From 1757 until 1839, with Canton the only open Chinese port, the emergence of pidgin English was highly localized. Known at first as ‘Canton jargon,’ it only gained the name pidgin – from the Chinese pidgin English word for “business” (OED Online) – in the 19th century. The commercial origins of the word pidgin provide an indication of the commercial nature of the language as a whole. Bolton identifies five primary uses for the nascent dialect in the first century or so of its existence, all of them limited to foreign traders’ communications with Chinese locals: merchants, administrators, servants, shopkeepers, and prostitutes (157). Each of these uses was both intercultural and decidedly commercial, and these facts – along with the limited geographical area in which it was used – worked to inhibit the pidgin’s development.
c. Linguists
During the years of the Canton trade, Chinese officials communicated with foreign traders through interpreters called linguists, who charged a fee to every ship they serviced. The first linguists came from Macao in the early days of the European trade in China, and spoke their native Cantonese, Portuguese, and usually Mandarin. As English supplanted Portuguese, however, linguists were drawn from elsewhere in the region. The strange etiquette of the linguists’ trade lends considerable insight into early Chinese attitudes toward the Europeans and their languages. Strictly speaking, linguists were more mediators than interpreters, so that negotiating skills were of greater importance to their careers than fluency in languages. Authentic communication between Chinese and foreigners was looked down upon, with distant cordiality seen as ideal. In fact, as Van Dyke notes, it was “dangerous” to know a foreign language well enough to bring accurate complaints to the authorities, as both the complaints themselves and the linguist’s fluency could arouse distaste (92). Furthermore , “it was a capital offence to teach a foreigner Chinese, and in the same light it could just as easily be a capital offence for a Chinese to become fluent in a foreign language if it resulted in problems for the officials” (92).
d. Expansion and
Decline
Only later, when the 1842 Treaty of Nanking opened more ports to foreign trade, did pidgin English spread northward and assume more diverse communicative roles. At its peak around the turn of the 20th century, Chinese pidgin English was employed not only between the English and Europeans and their Chinese trading partners and servants, but even between Chinese speakers whose dialects were mutually unintelligible. Despite being a minor lingua franca, however, Chinese pidgin English never transcended its status as a purely pragmatic means of transacting business. Part of the reason for this was the increased missionary presence in China. By the first half of the 19th century, there were missionaries in the region who were fluent in Chinese, and with the opening of the treaty ports, several were permitted to take over the linguists’ duties (Van Dyke 91).

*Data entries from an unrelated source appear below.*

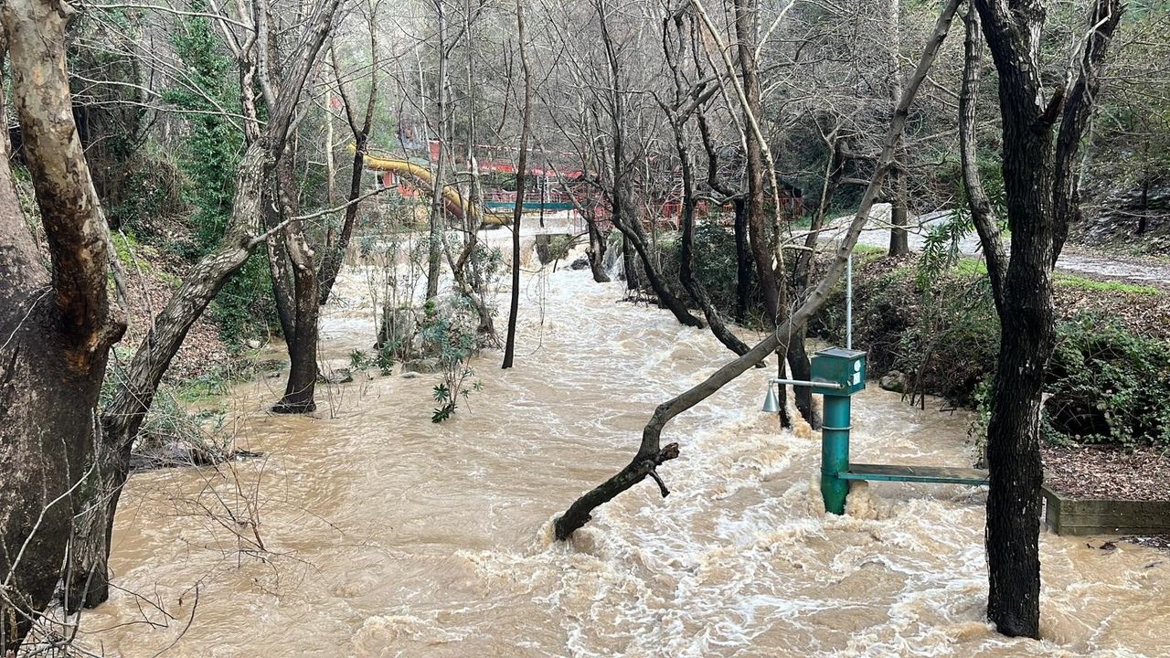 Alanya'nın Oba Mahallesi Alacami çevresinde dün akşam etkili olan sağanak yağışın ardından Oba Çayı taştı. Kısa sürede debisi yükselen çayın taşmasıyla birlikte dere yatağına yakın iki işletmeye ait çardaklar sular altında kaldı. İşletmelerde hasar meydana gelirken, yaşanan su baskını dron ile görüntülendi.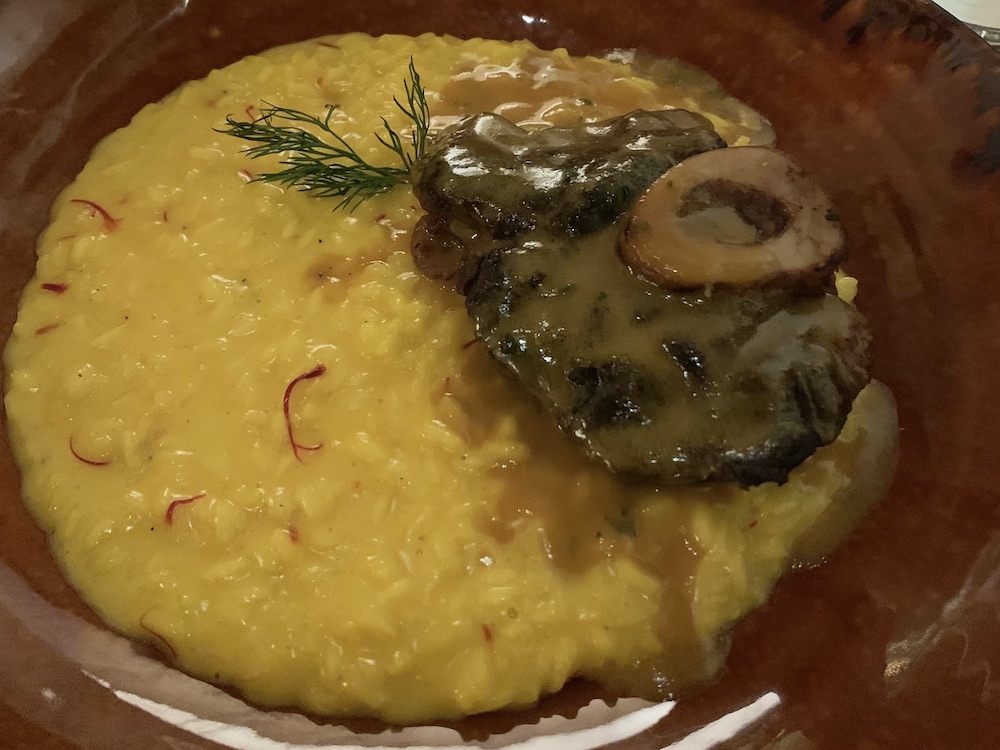 おすすめは、「オッソブーコ・コン・リゾット・アッラ・ミラネーゼ(Ossobuco con Risotto alla Milanese)」。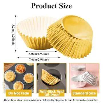 Baking Cups Cupcake Liners Baking Cups for Cupcakes Paper and Muffins, 50-Count, Standard (Bright Gold)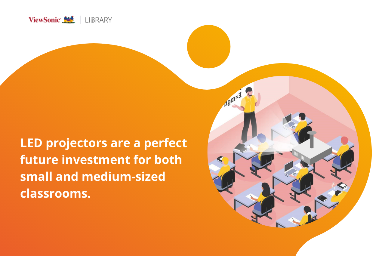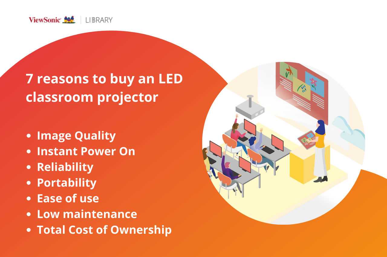 An LED classroom projector is arguably one of the most convenient ways for a teacher to display visual content. Although this new type of projectors has only been around for a few years, it’s steadily winning over the familiar lamp projectors. This new iteration brings a lot to the table thanks to operational ease, low maintenance, and technological advancements. Still wondering which kind of projector you should pick for your school? Well, here are 7 reasons why LED projectors are the solution. Keep on reading to learn more about the benefits of LED projectors in the classroom, or discover ViewSonic’s solutions for education. Projectors are, nowadays, very common classroom equipment. They are a remarkably convenient tool for teachers to present content, be it to hundreds of students or small classes. Until recently, lamp and laser-based projectors accounted for the vast majority of models found in schools. But given the swift rise of LEDs and the recent development of this technology, LED classroom projectors are becoming a very interesting alternative. Let’s have a look at the advantages they offer to help you to make a solid and informed decision. Understanding Classroom Projectors Displaying content has huge benefits when it comes to teaching a class. No wonder, then, that display devices have been constantly developing to play an ever-increasing role in the classrooms over the last decades. Overhead projectors, TVs, VHS players, and interactive whiteboards, all found their way into modern teaching strategies. But, even if the interactive displays are experiencing real momentum, the projectors still remain a convenient and economical solution for most school classrooms. In the education realm, we currently find three main types of projectors: lamp-based, laser-based and LED based. Each type is defined by its light source, and all of them have their own advantages in different settings. The ultra-bright laser projectors, for example, are especially well suited for large venues like amphitheaters and large auditoriums, while lamp and LED projectors are perfect for small and medium-sized classrooms. Classroom Projectors Find the right classroom projector See all > 7 benefits of an LED Classroom Projector Chances are you’re already well acquainted with lamp projectors, but still a bit in the dark regarding the benefits of having an LED projector in your classroom. Let’s have a look at the 7 main reasons why these new models are perfect for your classroom. 1. Image quality LED classroom projectors provide an enhanced viewing experience, keeping eye care in mind. Since they produce a better perceived brightness thanks to higher color saturation, they can even be used in environments with lots of ambient light. Interestingly, the bright and vivid images don’t take the same health toll that some displays do. Indeed, since the images are mediated by a wall or another surface, the blue-light emissions are reduced to a minimum. And as LED projectors don’t use color wheels to produce images, the irritating rainbow effect usually encountered when using a lamp projector is no longer an issue. 2. Instant Power On One of the main benefits of an LED classroom projector is its instant power-on feature. Lamp-based models need to warm up first – which can take from a few seconds up to a few minutes – to become fully operational. But since LEDs produce a steady beam of instant light, they’re ready to go right off the bat. In a classroom setting, this feature really goes a long way. No more wasting precious class time waiting for the projector to finally display the desired content. No more risking havoc in the classroom while setting up the presentation. Turn on the LED projector, connect your device, and the class can seamlessly continue without any interruption! 3. Reliability LEDs don’t just allow for instant power on, their lifespan is also much longer than the one of the mercury lightbulbs used by the lamp projectors. And since LEDs don’t generate heat like lightbulbs, there’s no more need for a big and noisy fan like back in the days. And the newest models come sealed in an IP5X case, preventing dust from affecting the optical engine and thermal system. Moreover, LED projectors aren’t subject to brightness and color decay like their lamp-based counterparts. With time and use, especially when the lamp projector isn’t set in Eco mode, the lightbulb’s brightness will start to diminish, resulting in the color fading. LEDs, on the other hand, steadily produce the same brightness over time, bringing in a more reliable color output in the long term. 4. Portability As LED classroom projectors don’t need to be geared with a big fan to dissipate heat, they now also come in a more compact format. This results in a new breed of portable projectors, in addition to the familiar stationery ones. These offer similar specs as the regular projectors but come equipped with high-quality integrated speakers, a Wi-Fi connection, and (when it comes to portable projectors) a powerful battery pack. These projectors can be, therefore, used both in the classroom and on field trips. Moreover, as they easily fit into a backpack, they can also be assigned directly to the teachers instead of a specific classroom, allowing for greater flexibility when designing classrooms. LS550WH 2,000 ANSI Lumens LED Projector See Product > M2 Teachers' portable projector See Product > LED Projectors Projectors for education See All > 5. Ease of use Whether in its portable or regular form, an LED projector is amazingly easy to use in a classroom setting. Its comprehensive connectivity, with HDMI, VGA, and USB ports, enables the connection of any electronic device. The most advanced models are also compatible with wireless HDMI dongles to cut down on cable management. With instant power on and a comprehensive keystone correction, LED projectors now allow for a perfect image within seconds. Once you’re done usi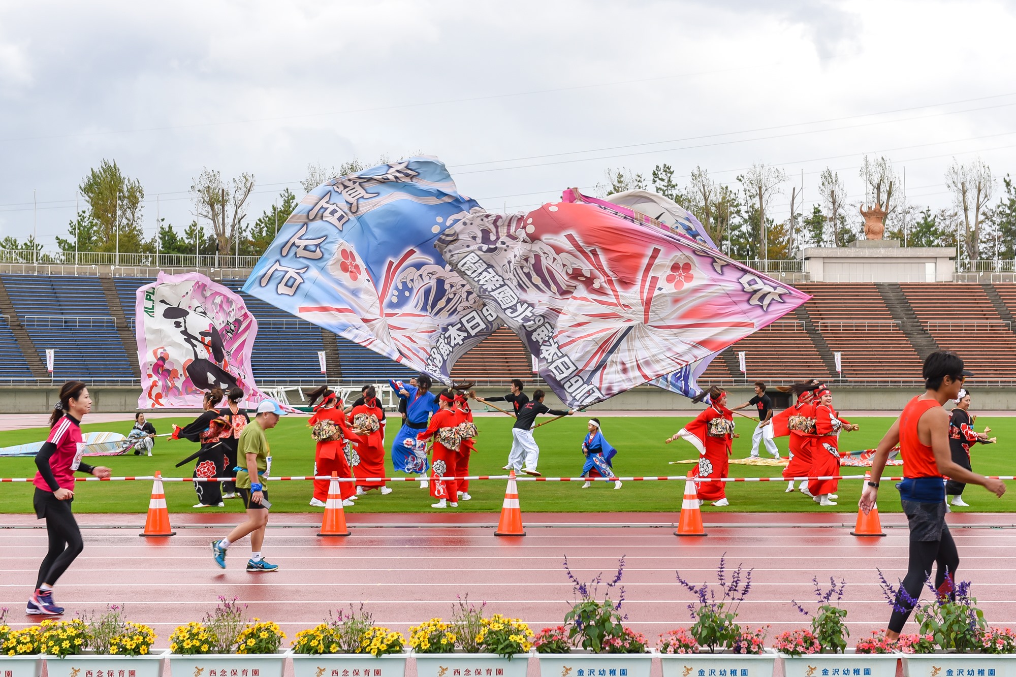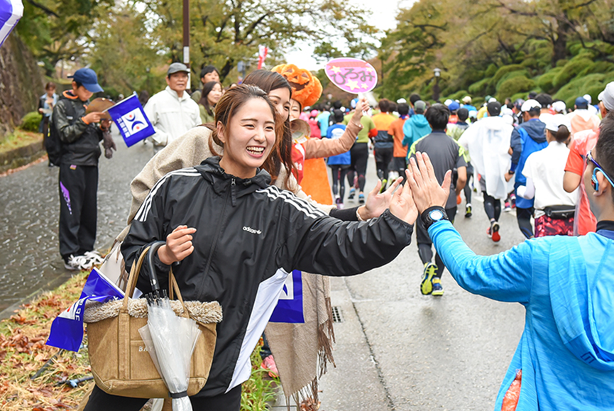 跑者除了體驗美食之外,更能感受充滿熱情的加油團隊,途中會經過金澤大學和北陸大學,學生們熱情洋溢的大聲呼喊加油,甚至有街頭藝人會為參賽者特別準備表演,整個賽道瞬間變成嘉年華會熱鬧非凡。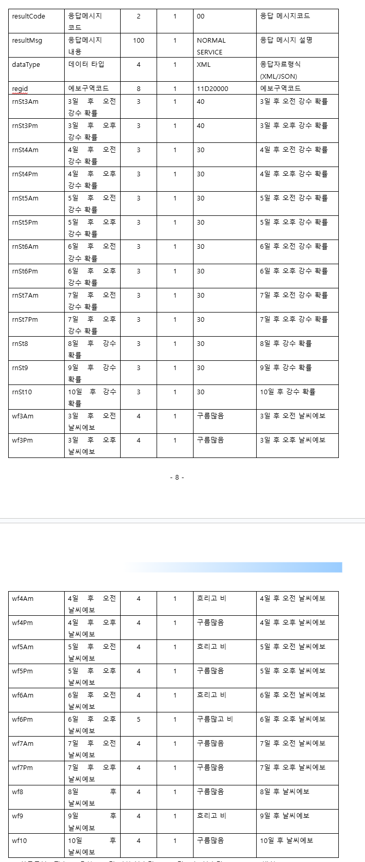 2024년 11월 28일 부로 단기예보, 중기예보에서 주는 API 의 범위가 달라졌다.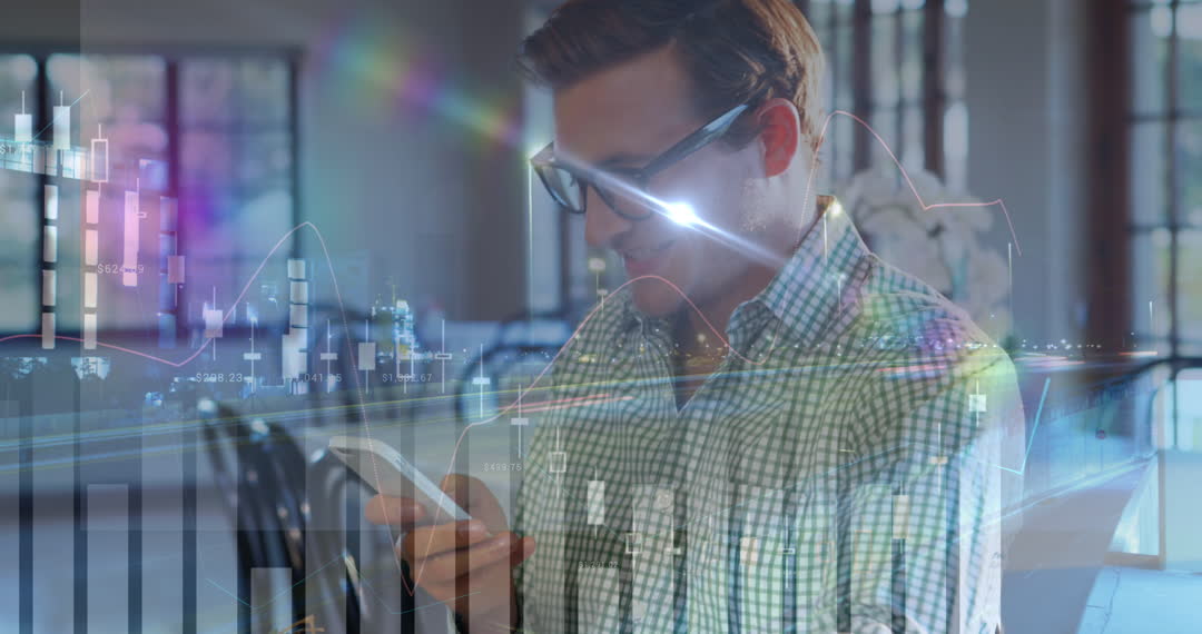 Digital overlay of graphs and financial data alongside a man using a smartphone indicates connectivity between personal technology and modern finance. Ideal for use in content related to financial apps, technology in business, investment analysis, or economic growth presentations.

Missionary education will be the focus of the next section,
but it is important to note here that by the mid-19th century,
alternatives to pidgin English began to become available from Chinese sources.
Tong Ting-kü’s six-volume The Chinese and
English Instructor, first published in 1862, represents the first attempt
at a comprehensive Chinese-English, English-Chinese dictionary and grammar, and
mainly consists of a fleshed-out ‘English,’ with space devoted to the pidgin
only as an afterthought. Despite its attempt at comprehensiveness, however, the
Instructor still tended to place
English in a commercial context, combining vocabulary with lessons on trade,
weights and measures, and exchange rates (Bolton 176). Nonetheless, Bolton
speculates that the Instructor’s very
existence calls into question the assumption that pidgin English was the target
of Chinese learners at this time (195).
3.2 Missionary
Schools
One of the primary reasons for the decline – and by the mid-twentieth century, extinction – of Chinese pidgin English was the introduction of missionary education to China. The first mission school opened in Malacca in 1818; schools in Macao and Hong Kong soon followed, before finally in 1851 the American Episcopalians opened St. John’s Academy in Shanghai as a school for Chinese boys. From mid-century onward, the number of schools increased exponentially, so that by the time of the Republican Revolution western missionaries operated 3,145 schools and some dozen colleges in China (Deng 31-2). This expansion did not come easily, however. Because of the pride taken by the Chinese in their old and illustrious culture, early missionaries found their pupils utterly uninterested in scripture. So in order to fulfill their conversionary mandate, mission schools needed to bribe potential converts with free education in the fundamental Chinese subjects, and then faced the choice as to whether to also teach English, or to offer religious instruction in the students’ native language.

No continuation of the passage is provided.